Strangehold: Sorry my post was a bit miss leading. I was saying that I just finished a 98/DOS set up P233 system. But now I wanna build this Dual P3 set up... I picked up 2 1.4 ghz tualatin's for $16 shipped. Will be running windows xp sp3. Anyway, strangehold, i'll probably be playing games like HL2/CS:S/1.6/KF and so on. Do you think that the 9500GT would be a good buy for this rig? Or 8400gs/5450.
 
I do not know how you are going to get decent frames per second. Even using dual Pentium 3 processors you are going to be very limited on the video card you can use.

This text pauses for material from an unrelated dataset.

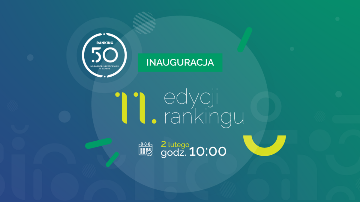 2 lutego o 10:00 zapraszamy na oficjalną inauguracje 11. edycji rankingu 50. Najbardziej Kreatywnych Ludzi w Biznesie.

I do not think it worth putting money into.
 
Which card would give me the least bottle neck. Remember these are PIII-S Tualatin's @ 1.4 ghz. 2 of them. They were faster than the 423 P4's clock for clock. I could easily play SC2 on a set up like this, as well as any source engine game (maybe not l4d) but tf2/cs:s etc... If I can pick up a video card for $50 this project would only cost me $100. But before I go throw down $50 on a card I wanna make sure I can use it 85%+.
 
Why don't you set your system up with the FX5500 and see how it runs first? I would do that simply to avoid nasty surprises that sometimes come with older hardware, but even more importantly, you should be able to try some of the games you're planning to play and see how they play and how the CPU usage goes when you're playing (you should be able to get semi-playable frame rates on source games with all details set to minimum).

Your CPUs is most likely going to be the bottleneck, but remember that the GPU usage depends a lot on the resolution and video settings. If you're happy playing with minimum details, the 8400GS will do the job just fine but if you're looking to pretty it up a little, the 9500GT might be more appropriate. I don't know how well source games run on either GPU, though, or how CPU intensive they are, but I doubt the 9500GT would net a significant performance increase. Having said that, if the price difference is small, I would get the 9500GT just to be sure that it won't be the GPU bottlenecking, but if you'd end up paying a lot more for the 9500GT it wouldn't really be worth it on such an old machine.
 
Looks like one. Doesnt look like it will fit a standard ATX case, the memory slots would be half way under where the front CD/DVD cage is. Measure it, think WTX was around 14X16.75.
 
yeah it won't fit in an ATX case. Closest I could get it to fit is in a Dell Dimension 8250. wont close 100% until i cut into the dvd/cd drive bay.